Turkish WebVectors: Tool to explore semantic relations between words in distributional models. Based on WebVectors prepared by Kutuzov et al. [1].
- First, clone the repository from GitHub to local machine using the following command:
git clone https://github.com/akutuzov/webvectors.git .
- Then, create a virtual environment using the following command:
python -m venv env
- Then, install all the Python requirements using the following command:
pip install -r requirements.txt
- Gunicorn is a pure Python WSGI server with simple configuration and multiple worker implementations for performance tuning. It is used for production deployment. Install
gunicorn
as follows:
pip install gunicorn
- First, clone the repository from GitHub to local machine using the following command:
git clone https://github.com/Turkish-Word-Embeddings/Turkish-WebVectors.git .

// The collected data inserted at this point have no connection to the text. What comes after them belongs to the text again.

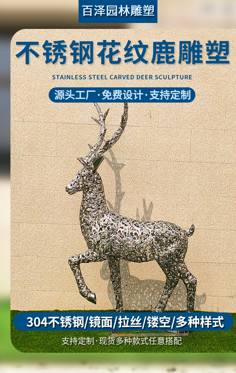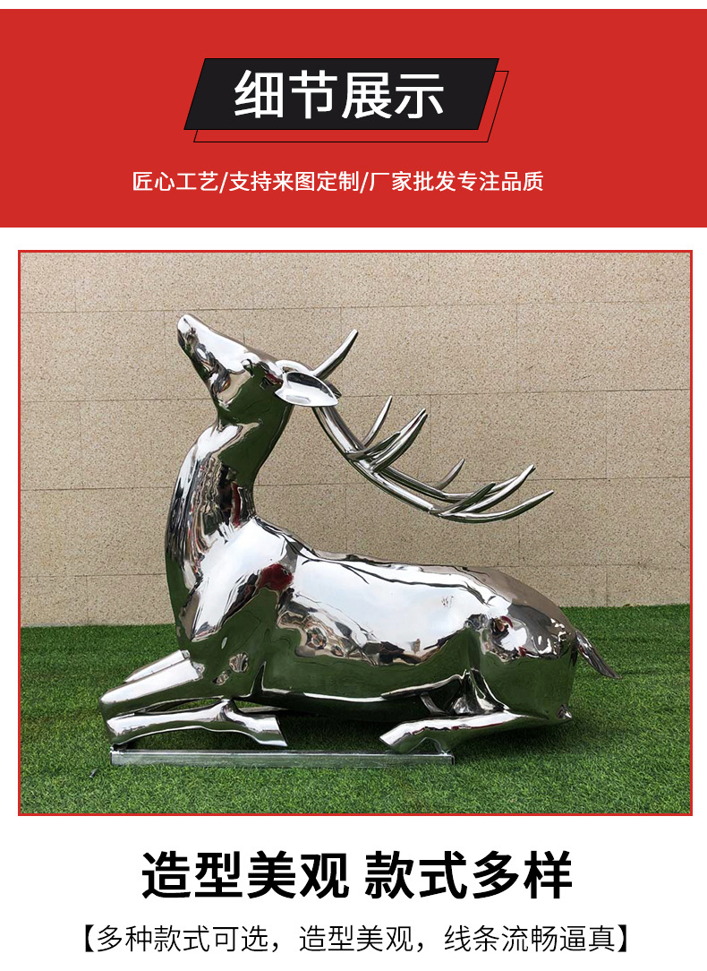 Stainless Steel Berongga Patung Taman Outdoor Pabrik Patung Lansekap Geometri Gambar Hewan Stainless Steel Patung Rusa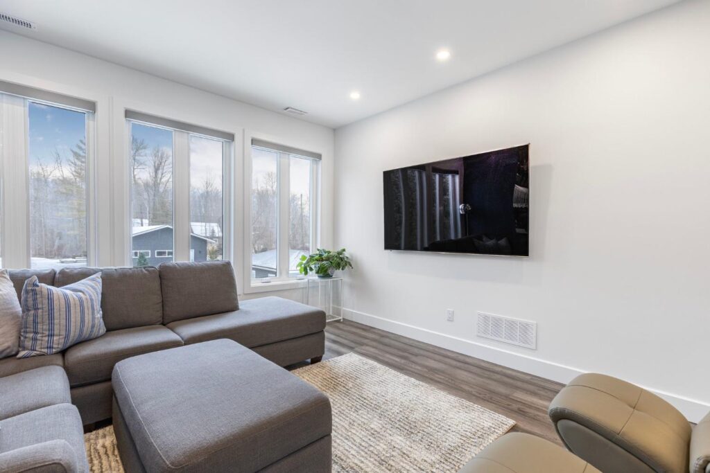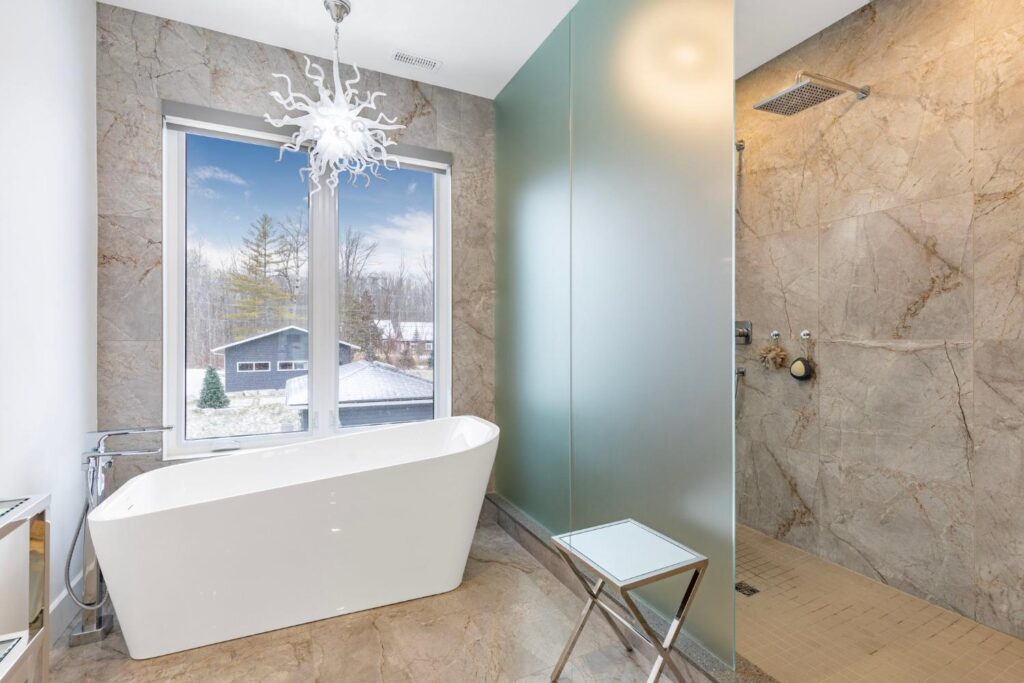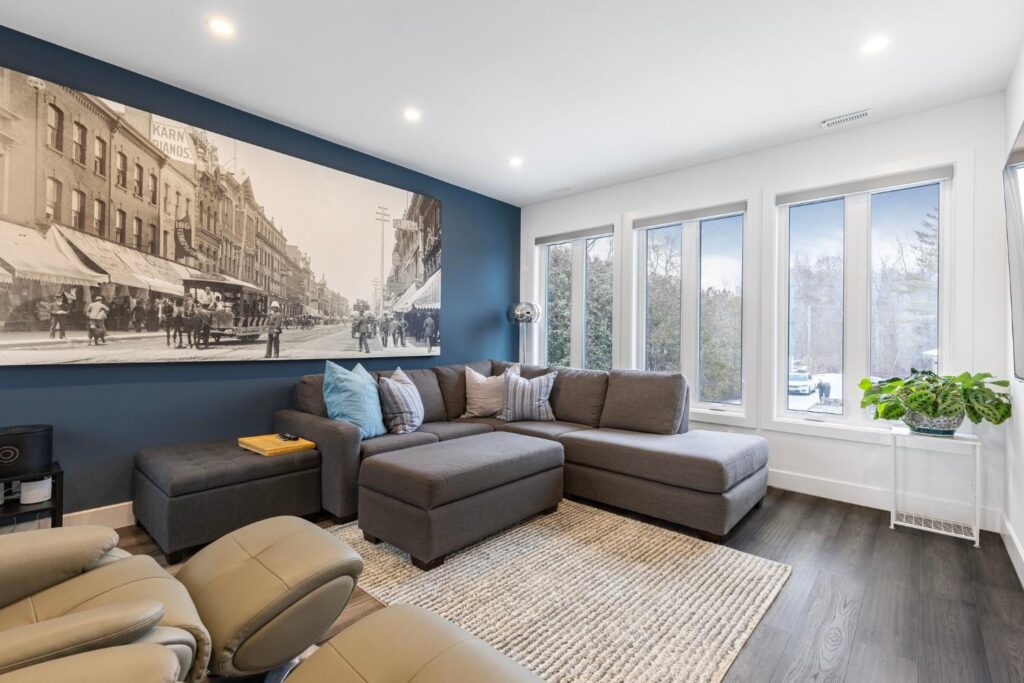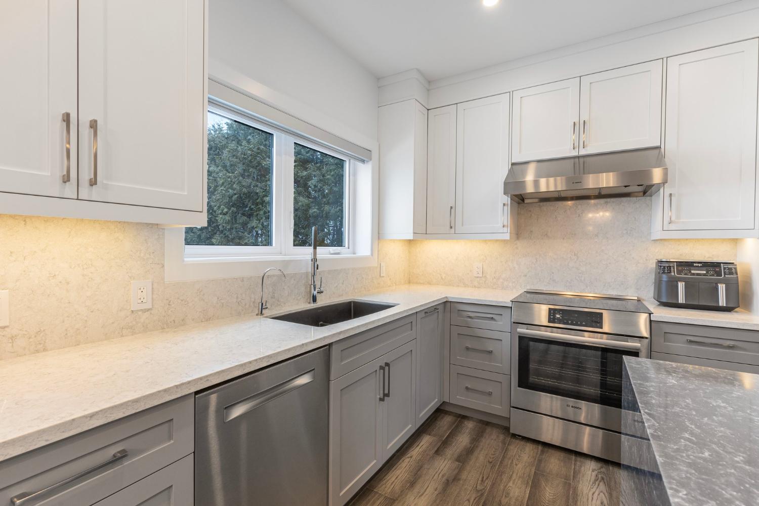 Experience the ultimate in lakeside luxury with our custom renovation of this once modest bungalow into a stunning two-story masterpiece. Our expert team has transformed this home into a modern retreat that seamlessly integrates with its natural surroundings.On the main floor, an open-concept living area offers breathtaking lake views through expansive windows. The gourmet kitchen features top-of-the-line appliances and stylish finishes, perfect for entertaining or quiet family meals.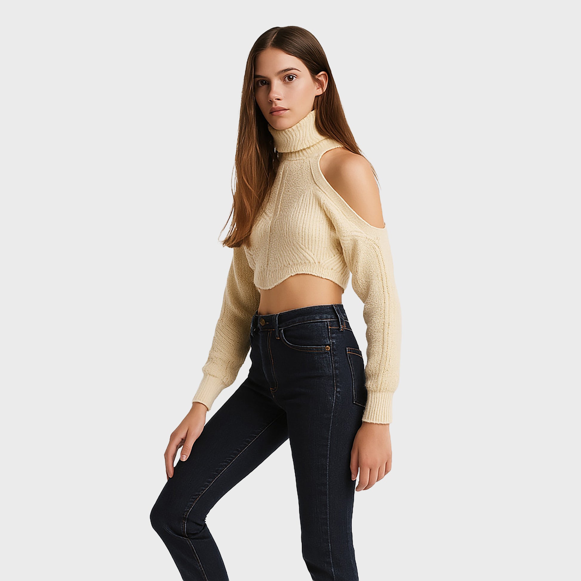 Blusa beige corta manga larga cuello alto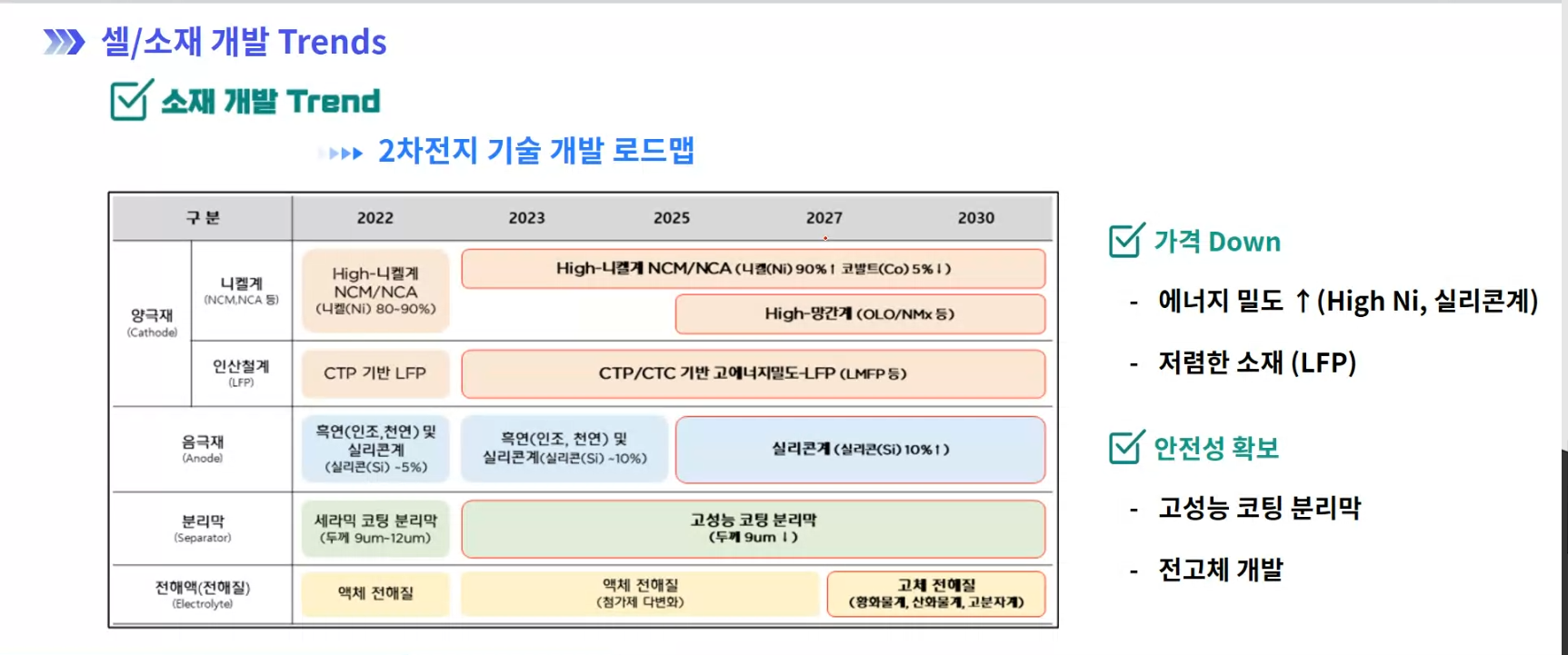 2차전지 Cell 개발 업무에 대해 3사의 직무별로 소개를 해주셨다. 삼성SDI, SK ON, LG에너지솔루션 각 특징은 달라 보이지만 사실은 비슷한 형태를 갖추고 있다. 또한 2차 전지의 최신 트렌드에 대해서도 설명해주셨다.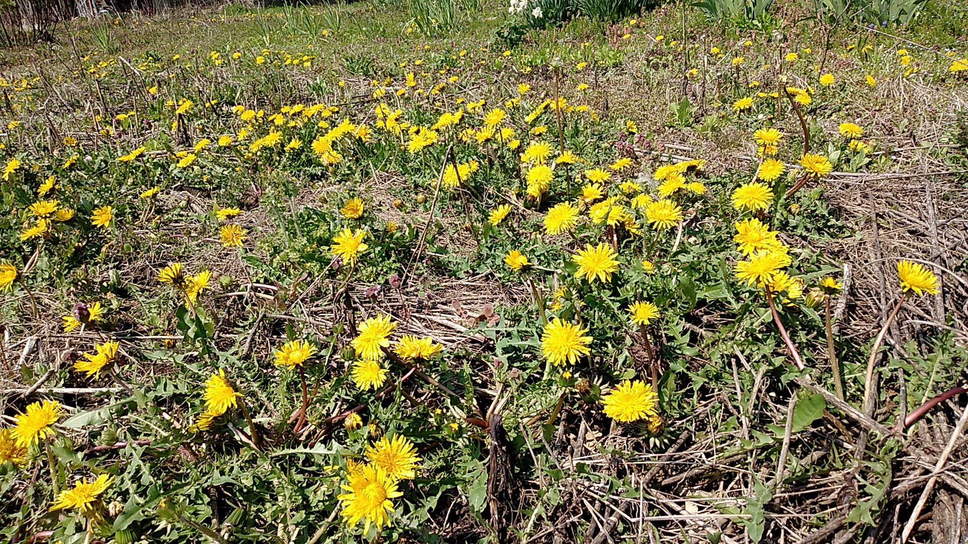 裏の畑に行くと、一面にタンポポが咲いていて春らしい光景。でも、風はまだまだ冷たくて、散歩するには寒いかも。気温が上がれば子どもたちとお散歩に出かけたいと思います。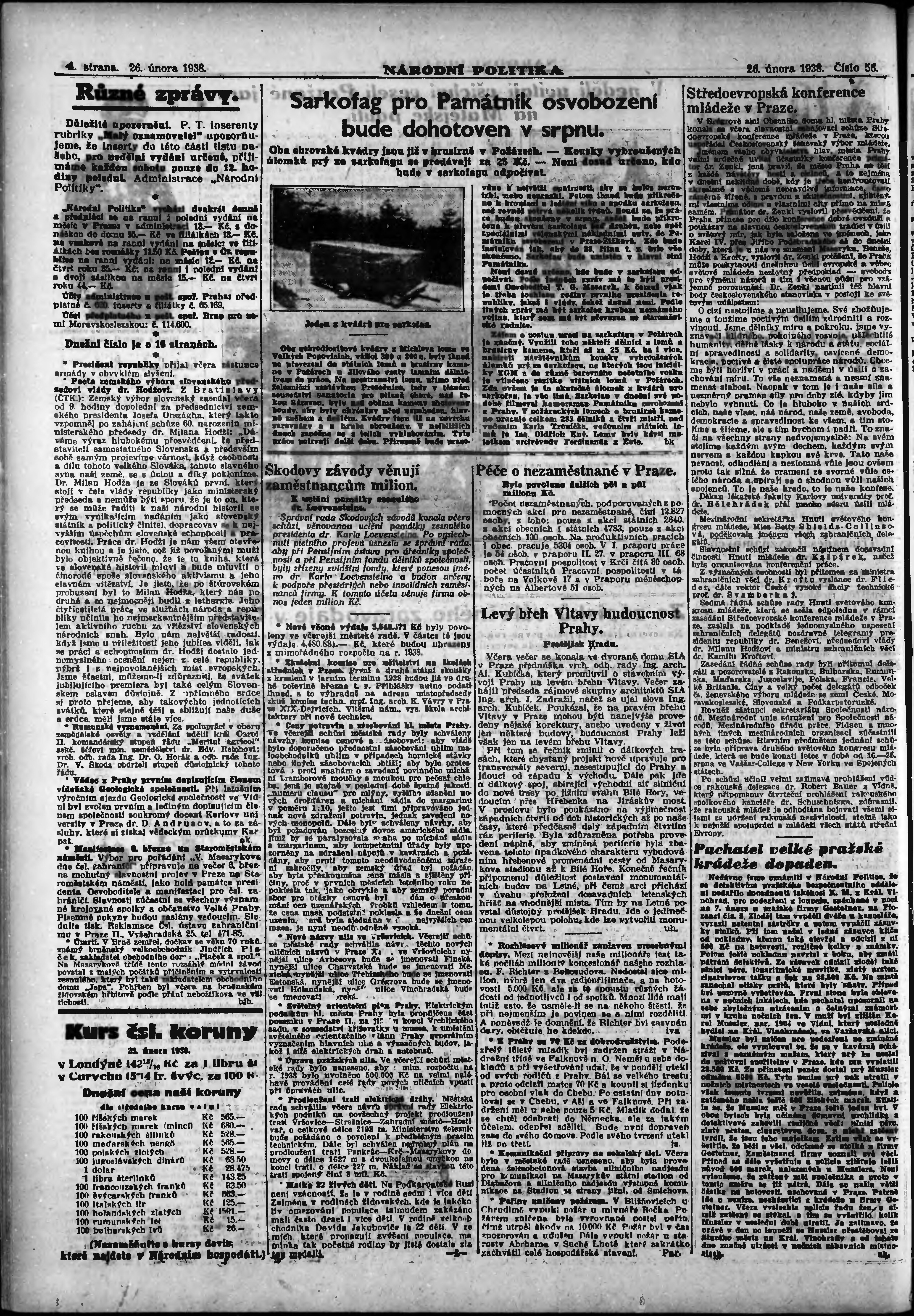 * Datum vydání výtisku: 26.2.1938 Číslo výtisku: 56 Poznámky k výtisku: ranní vydání; vydání pro Prahu;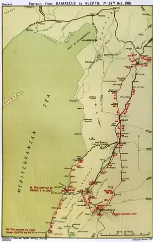 A 7.ª (Meerut) Divisão do Exército da Índia Britânica só saiu de Haifa no dia em que Damasco foi tomada, a 1 de outubro. As tropas da vanguarda britânica chegaram a Beirute no dia 8 de outubro.[16][17]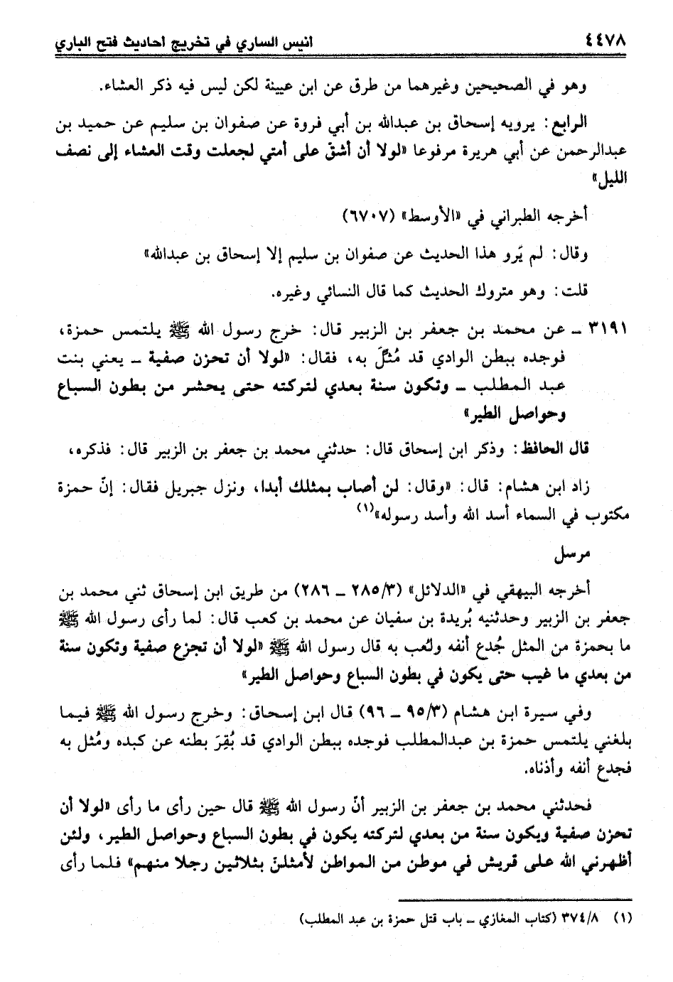 3191 - عن محمد بن جعفر بن الزبير قال: خرج رسول الله -صلى الله عليه وسلم- يلتمس حمزة، فوجده ببطن الوادي قد مُثِّلَ به، فقال: "لولا أن تحزن صفية -يعني بنت عبد المطلب- وتكون سنة بعدي لتركته حتى يحشر من بطون السباع وحواصل الطير"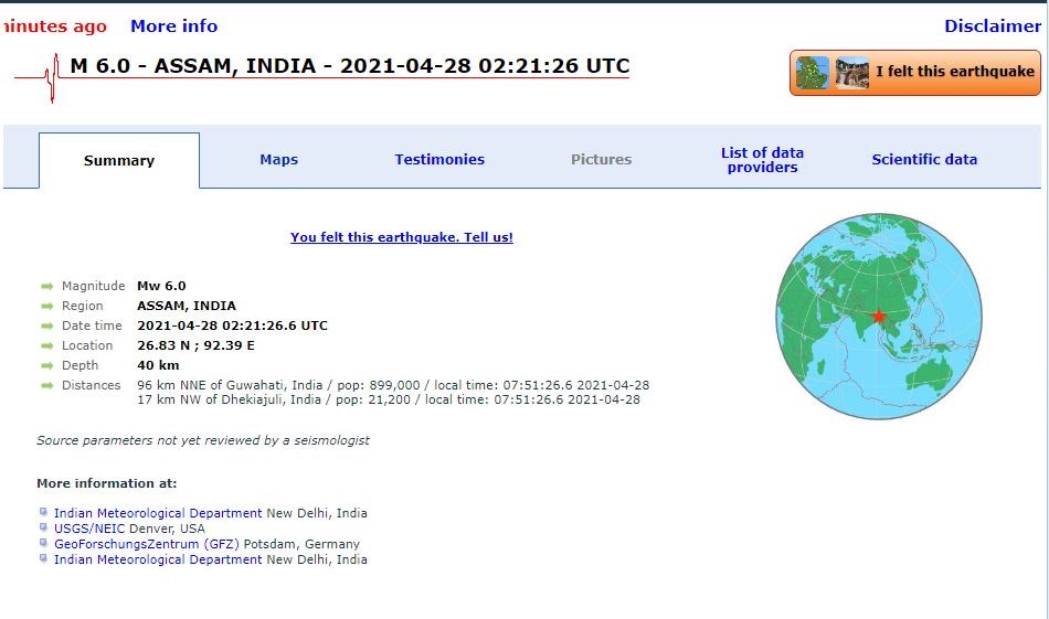 Η εθνική υπηρεσία αντιμετώπισης καταστροφών της Ινδίας έχει λάβει αναφορές για θύματα και σοβαρές υλικές ζημιές εξαιτίας του σεισμού, είπε στέλεχός της υπό τον όρο να μην κατονομαστεί.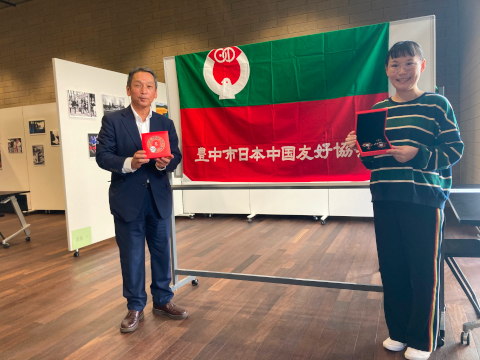 大阪大学中国留学生学友会 会長 沈燕妮 様(写真右)と 豊中日中友好協会 会長 天目基博(写真左)

- Launch a terminal in the root directory of the repo and build the Docker image where
-t
is the tag for the Docker image. You can provide any name you want..
is the relative path to the Dockerfile
docker build -t turkish-webvectors .
- Dockerfile downloads the necessary two models from our release page. You can also download them manually and put them in the
models
directory. - Run the Docker image using the following command:
docker run -p 8000:8000 turkish-webvectors
Both of the following models are trained with gensim using 300 dimensions, 10 epochs, 5 negative samples, minimum word count set to 10 and window size set to 5.
Word2Vec skip-gram Negative Sampling
FastText skip-gram Negative Sampling
- Kutuzov, Andrei & Kuzmenko, Elizaveta. (2017). WebVectors: A Toolkit for Building Web Interfaces for Vector Semantic Models. Communications in Computer and Information Science. 661. 155-161. 10.1007/978-3-319-52920-2_15.